StringerBell wrote:I just saw a thread where someone has been asking about how to write sounds that certain Yiddish letters make in Polish. I'm assuming that Yiddish uses the same alphabet and sounds as Hebrew (though maybe I'm wrong here). I'm not sure if you can answer this question, but if anyone here can, I think it would be you! I'm not sure if you've seen the thread, so here is a link:
https://forum.language-learners.org/vie ... 14&t=10225
Well... almost but not quite. Yiddish uses the Hebrew alphabet, but it isn't used the same way. Unlike in Hebrew, Yiddish words are completely phonetic and you can tell the exact vowels that are used. The exception is Hebrew loanwords, which are spelled the same as in Hebrew so you won't know the vowels unless you know the word. But, Yiddish Hebrew pronunciation is very different from standard Modern Hebrew. For example, Yiddish had a vowel shift from Middle High German where a long /o/ becomes the diphthong /oi/. This is why the Yiddish equivalent to the modern German phrase "o Weh ist mir" (meaning "oh woe is me") is "oy vey iz mir". This sound shift also applies to the Yiddish pronunciation of Hebrew, so the Hebrew name for Moses, משה, is pronounced Moshe /mo.'ʃɛ/ in standard Modern Hebrew but Moyshe /'moi.ʃɛ/ in Yiddish.

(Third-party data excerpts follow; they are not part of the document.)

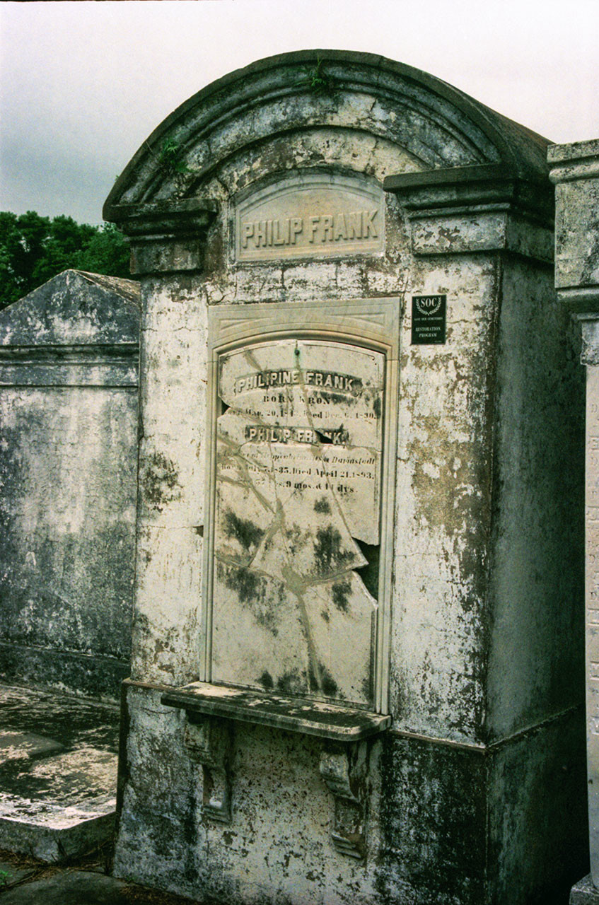 I am not aware of anything notable about Philip Frank or his wife Philipine, whose tomb stands in Lafayette Cemetery #1 in New Orleans. The marble entrance has been pieced back together after heavy damage by the elements or vandals. That’s the work of Save Our Cemeteries, a non-profit that repairs tombs and, provides cemetery tours in NOLA. Their plaque indicates a restoration in progress.
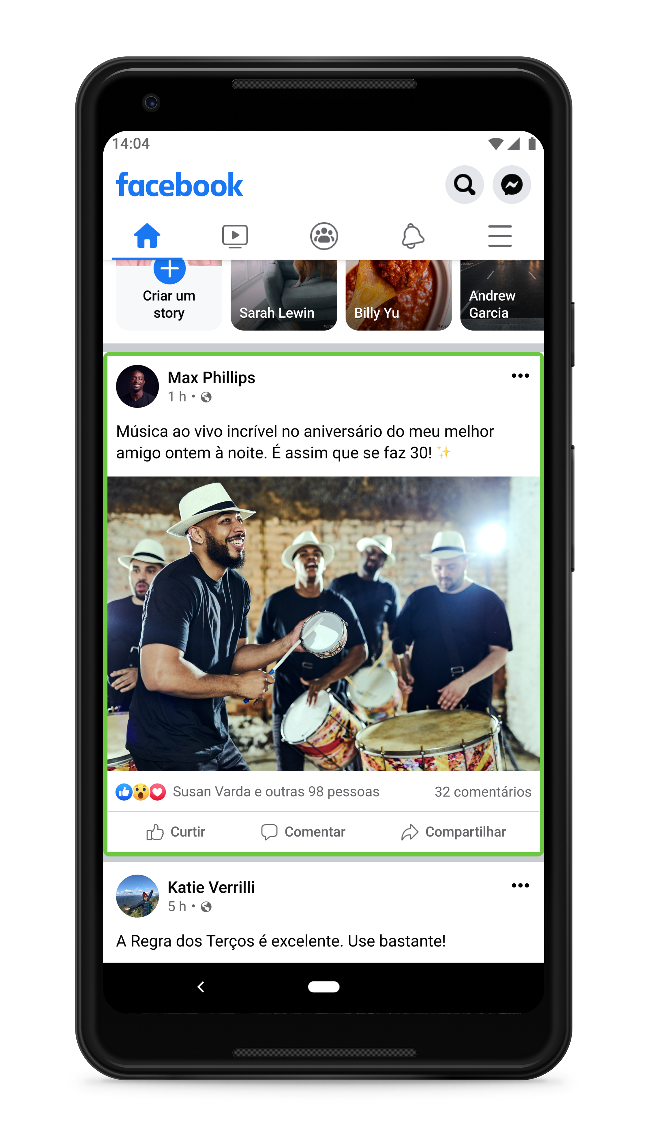 Infelizmente, muitas fotos são postadas sem texto alternativo, então, em 2016, introduzimos uma nova tecnologia chamada Texto Alternativo Automático (AAT, na sigla em inglês). O AAT — que foi reconhecido em 2018 com o prêmio Helen Keller Achievement da American Foundation for the Blind — utiliza reconhecimento de objetos para gerar descrições de fotos sob demanda, para que pessoas cegas ou com deficiência visual possam aproveitar mais plenamente seu Feed de Notícias. Temos melhorado desde então e estamos ansiosos para revelar a próxima geração de AAT.
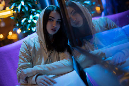 Sad woman. Neon light portrait. Loneliness melancholy. Upset depressed pensive girl in pink blue color gradient glow isolated on dark copy space background.
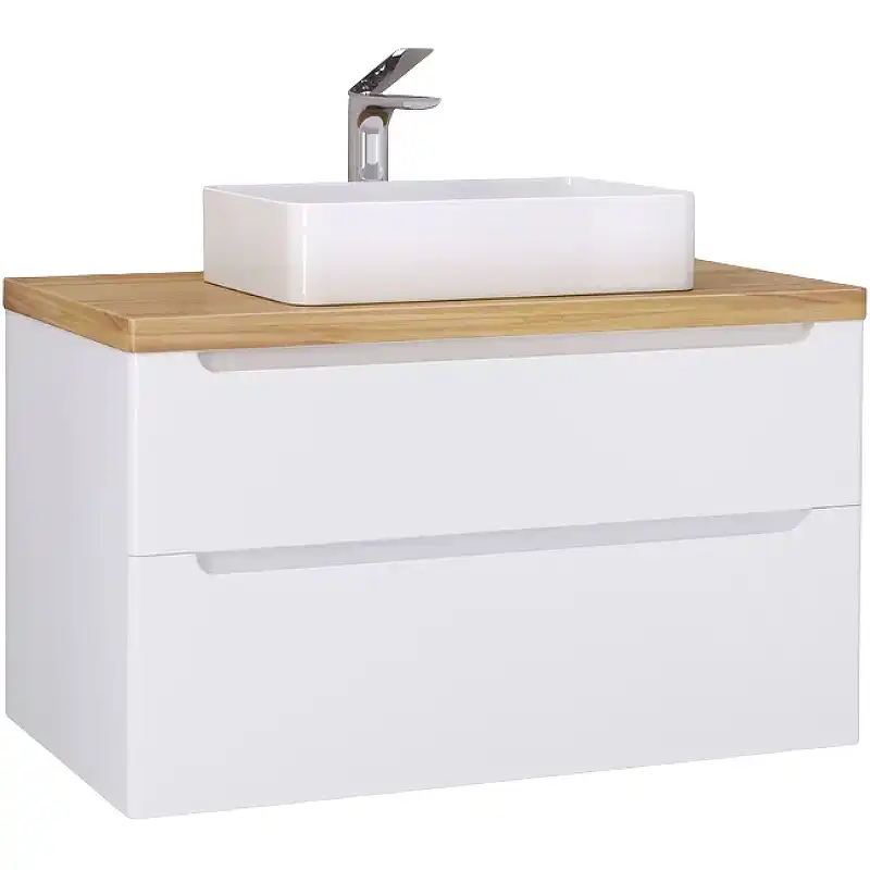 Подвесная тумба выполнена из МДФ в белой глянцевой пленке ПВХ. 2 вместительных выдвижных ящика оснащены удобными интегрированными ручками. Тумбу можно комплектовать разными по цвету столешницами: темное и светлое дерево.
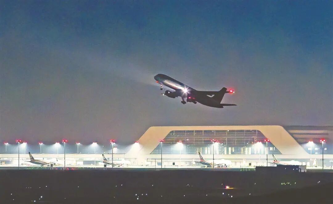 凌晨,装载完毕的货机依次从花湖国际机场起飞,满载货物飞赴全球。(湖北日报全媒记者 薛婷 柯皓摄)
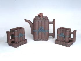 首创抽拉壶盖。北京奥运壶、九九回归壶、辉煌壶,以及蹬狮壶,都采用抽拉式壶盖,不用打开壶盖,只需按动盖上的小屉,便显现出注水口,底盖放茶叶,注水方便简捷。
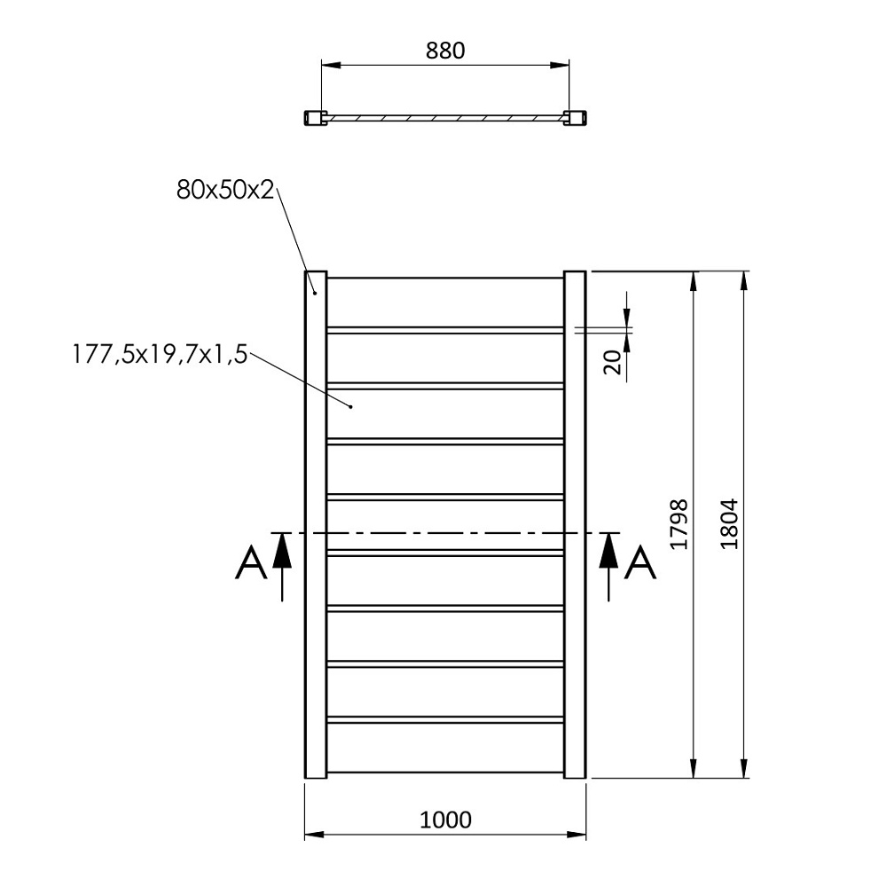 Vstupní hliníková branka, celkový rozměr 1000 x 1803,5 mm. Konstrukce je vyrobená z hliníkové slitiny 6063-T5, která se běžně používá u exteriérových bránových a plotových systémů z důvodu vysoké pevnosti, tvarové stability a vynikající odolnosti proti korozi. V rámu branky jsou připravené otvory pro zámek a kliku.

Also, the letter ת (tav) could be either hard or soft in classical Hebrew. The hard sound was a /t/, but the soft sound was pronounced /θ/, the voiceless "th" sound. These sounds have merged in Modern Hebrew and are both pronounced /t/, but in Yiddish the distinction is preserved with the soft ת being pronounced /s/ instead of /t/, so the letter ב (bet /bet/ in Modern Hebrew) would be prounced "beys" (/beis/) in Yiddish. The original /θ/ sound is often preserved in English, which is why you may see a Temple Beth Israel or talk about the Sabbath rather than Shabes (Yiddish) or Shabat (Modern Hebrew).
Also, the question doesn't necessarily have anything to do with the Polish language. It has to do with a vowel difference between standard Yiddish and the dialect of Yiddish that comes from Poland, and specifically the question was about how to reflect the difference in an original romanization system.